The intent is to keep writing a query string as simple and as close to writing a mathematical function as possible. To this end, we provide the following abilities:

Input features are given as escaped strings ie 'a' or "a".
Standard addition and multiplication operators + and * are supported; they obey operator precedence, commutativity and associativity.
You can be specific with named functions. If you want a logarithm of 'a', just type log('a'). A gaussian can be both uni- and bivariate, in the query language their arity is specified by the number of arguments. Writing gaussian('a') matches a univariate gaussian of the input 'a' and writing gaussian('a', 'b') matches a bivariate gaussian of 'a' and 'b'. The complete list of named functions is:
1. log
2. exp
3. sqrt
4. squared
5. inverse
6. linear
7. tanh
8. gaussian
9. add
10. multiply
A function wildcard for any function, where the arity of the function is deduced by the number of arguments given. func('a') for any unary function of 'a' and func('a', 'b') for any binary function of 'a' and 'b'.
An input feature wildcard ? that will match any input feature.
Feature exclusion ! to explictly avoid some input features. !'a' will match any input feature except 'a'.
A subtree wildcard _ that will match any subtree. This can be extended as in _['a', 2] to further constrain the structure of the subgraph such that it must contain the feature 'a' and have at most a complexity of 2. It is also possible to exclude features using !. Arguments in the square brackets are separated by commas.

Comprehensive examples for all listed features

Working through examples is the best way to learn, so here are some for every point on the feature list.

Single feature queries

A very basic model that can tell you only the linear correlation of a single feature with the output.

models = ql.sample_models(feature_names, "y", query_string="'a'")
models[0]

Additions of specific features

This matches models where 'a' and 'b' are added.

models = ql.sample_models(feature_names, "y", query_string="'a' + 'b'")
models[0]

Multiplication of a feature, with an addition of another

This matches models where 'a' is added to a multiplication of 'b' and any other feature. Note how operator precedence is satisified, with the multiplication occurring earlier in the model than the addition.

models = ql.sample_models(feature_names, "y", query_string="'a' + 'b' * ?")
models[0]

Addition of two features, multiplied by any other feature.

Matches models where 'a' is added to 'b', then multiplied by any other feature.
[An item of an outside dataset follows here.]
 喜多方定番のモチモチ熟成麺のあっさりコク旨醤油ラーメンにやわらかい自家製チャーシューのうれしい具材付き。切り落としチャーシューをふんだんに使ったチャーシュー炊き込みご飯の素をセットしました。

This time we explicitly perform the addition first.

models = ql.sample_models(feature_names, "y", query_string="('a' + 'b') * ?")
models[0]

A model with a squared function

Match models that take the square of 'a'.
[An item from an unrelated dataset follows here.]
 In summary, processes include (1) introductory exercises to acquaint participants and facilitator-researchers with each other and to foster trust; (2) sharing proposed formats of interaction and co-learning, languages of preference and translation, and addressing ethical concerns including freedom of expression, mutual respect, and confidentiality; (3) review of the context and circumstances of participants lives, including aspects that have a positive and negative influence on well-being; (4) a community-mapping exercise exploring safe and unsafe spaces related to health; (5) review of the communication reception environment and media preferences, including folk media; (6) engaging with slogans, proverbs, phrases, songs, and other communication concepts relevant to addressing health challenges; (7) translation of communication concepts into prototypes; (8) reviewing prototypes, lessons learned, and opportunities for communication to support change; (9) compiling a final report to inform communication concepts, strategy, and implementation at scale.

models = ql.sample_models(feature_names, "y", query_string="squared('a')")
models[0]

Univariate Gaussian

Match models that take the univariate gaussian of 'a'.

models = ql.sample_models(feature_names, "y", query_string="gaussian('a')")
models[0]

Bivariate Gaussian

Match models that take the bivariate gaussian of 'a' and 'b'.

models = ql.sample_models(feature_names, "y", query_string="gaussian('a', 'b')")
models[0]

Binary interaction with nested addition

Matches models where there is any binary interaction of "a" with the addition of "b" and "c".

models = ql.sample_models(feature_names, "y", query_string="func('a', 'b' + 'c')")
models[0]

Unary functions of a feature

Matches models of any unary function of 'a'.

models = ql.sample_models(feature_names, "y", query_string="func('a')")
models[0]

Binary functions of a named feature and any other

Matches models that combine 'a' with any other input feature.

models = ql.sample_models(feature_names, "y", query_string="func('a', ?)")
models[0]

Binary functions with a named feature, excluding a specific other feature

Matches models that combine 'a' with any other input feature except 'b'.

models = ql.sample_models(feature_names, "y", query_string="func('a', !'b')")
models[0]

Models with a feature and any subtree of interactions

Match models that add 'a' to any subtree.

models = ql.sample_models(feature_names, "y", query_string="'a' + _")
models[0]

Models with a subtree excluding specific feature

Match models that add 'a' to any subtree that does not contain the input feature 'b'

models = ql.sample_models(feature_names, "y", query_string="'a' + _[!'b']")
models[0]

Subtrees of certain complexity and content

Match models that multiply 'a' to any subtree that contains the input feature 'c' and is at most 3 edges complex.

models = ql.sample_models(feature_names, "y", query_string="'a' * _['c', 3]")
models[0]

From model to query string

Given a Model,

models = ql.sample_models(feature_names, "y")
models[0].show()

it is possible to get its query_string by calling feyn.Model.to_query_string:

print(models[0].to_query_string())

'gaussian("c", "b")'